## [Aim of the exercise]
Pictures aside, write every record out again word for word.

## [Entries supplied]
--- START ---
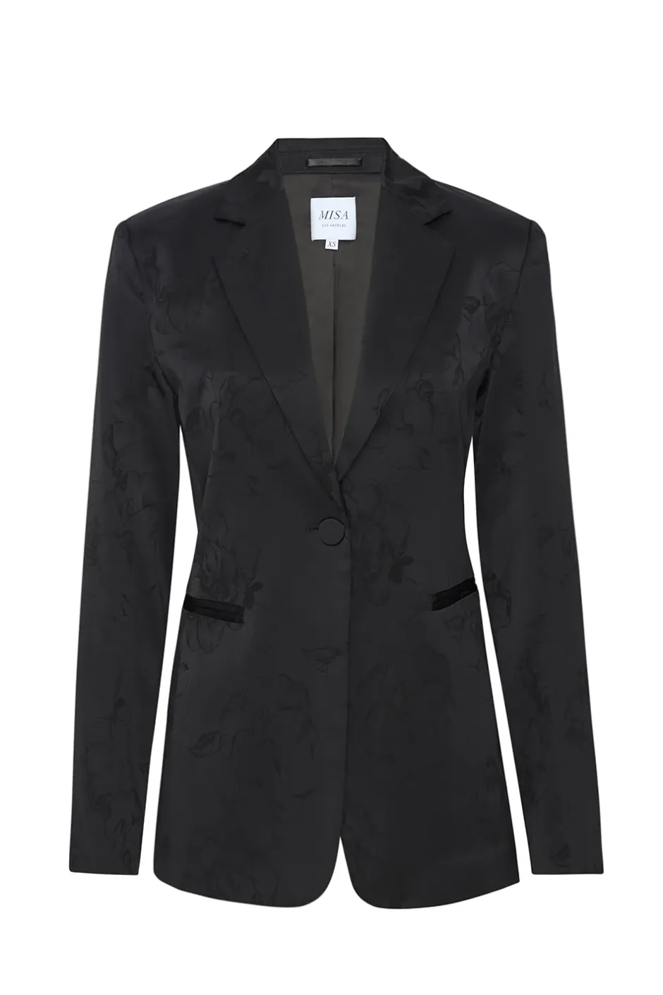Our new Lauren blazer is cut from a black satin jacquard with floral tonal detailing throughout. This fitted blazer is the perfect transitional piece for fall. A v neckline with notch lapels and a single covered button closure. Double front slit pockets. Structured shoulders. Long sleeves with triple covered button closure. Back vent. Complete the look with the coordinating Remi pant for the chicest fall suiting or throw on over one of our dresses.
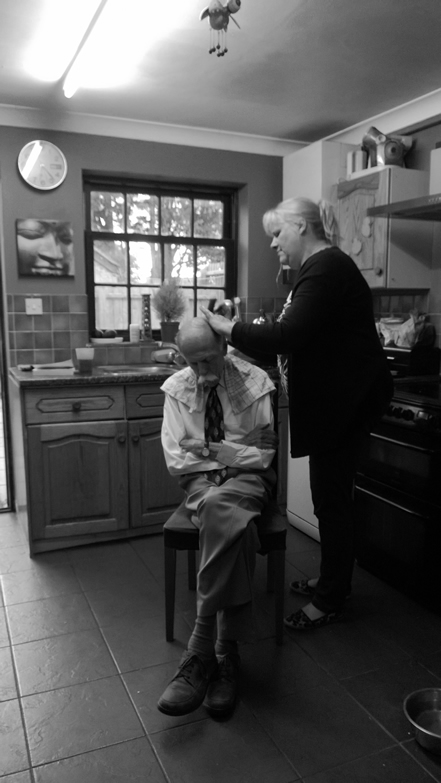 There was no need to visit a barber when his daughter, Sarah, did such a fine job every time. I have a variety of photos of Roy seated in our kitchen with Sarah snipping away.
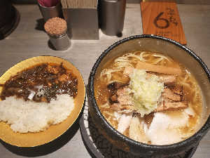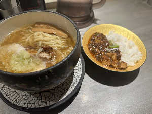貝の出汁が効いた旨味溢れるスープに破壊力抜群の厚切りチャーシュー 麻婆丼も美味
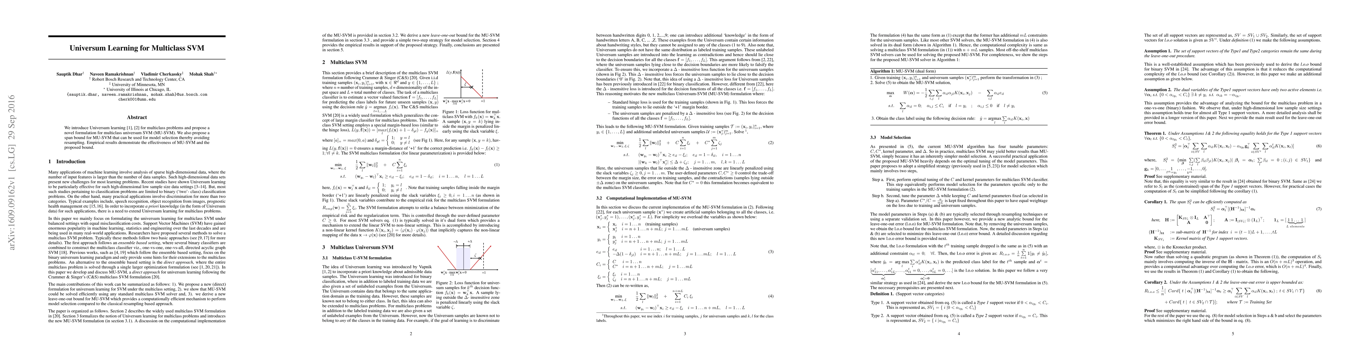 This paper introduces Universum learning for multiclass SVM, proposing a new formulation called MU-SVM and a span bound for model selection without resampling. Empirical results show the effectiveness of the proposed MU-SVM and span bound.
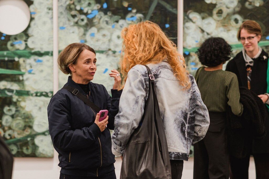 A large, furry structure bisects the space, creating a tunnel at the centre of the exhibition. Animated by light and smoke, it harbours a collection of cast aluminium objects including scaled-up items of cutlery, a moka pot and a series of enlarged eggs. Outside are a series of gnarled tree roots cast in brass, painted and appended with motorcycle parts and cartoon-like clouds of scribble. These anthropomorphic sculptures with mesh plates or antennae-like wands populate the space like a cast of characters. Two modular columns extend respectively pink and blue arms from aluminium, claw-like bases that resemble oversized bunches of bananas. On the walls, a triptych of panels simulates large, palette-shaped windows covered in a thick layer of paint.
--- END ---
## [Answer to this task]
Our new Lauren blazer is cut from a black satin jacquard with floral tonal detailing throughout. This fitted blazer is the perfect transitional piece for fall. A v neckline with notch lapels and a single covered button closure. Double front slit pockets. Structured shoulders. Long sleeves with triple covered button closure. Back vent. Complete the look with the coordinating Remi pant for the chicest fall suiting or throw on over one of our dresses.
 There was no need to visit a barber when his daughter, Sarah, did such a fine job every time. I have a variety of photos of Roy seated in our kitchen with Sarah snipping away.
貝の出汁が効いた旨味溢れるスープに破壊力抜群の厚切りチャーシュー 麻婆丼も美味
 This paper introduces Universum learning for multiclass SVM, proposing a new formulation called MU-SVM and a span bound for model selection without resampling. Empirical results show the effectiveness of the proposed MU-SVM and span bound.
 A large, furry structure bisects the space, creating a tunnel at the centre of the exhibition. Animated by light and smoke, it harbours a collection of cast aluminium objects including scaled-up items of cutlery, a moka pot and a series of enlarged eggs. Outside are a series of gnarled tree roots cast in brass, painted and appended with motorcycle parts and cartoon-like clouds of scribble. These anthropomorphic sculptures with mesh plates or antennae-like wands populate the space like a cast of characters. Two modular columns extend respectively pink and blue arms from aluminium, claw-like bases that resemble oversized bunches of bananas. On the walls, a triptych of panels simulates large, palette-shaped windows covered in a thick layer of paint.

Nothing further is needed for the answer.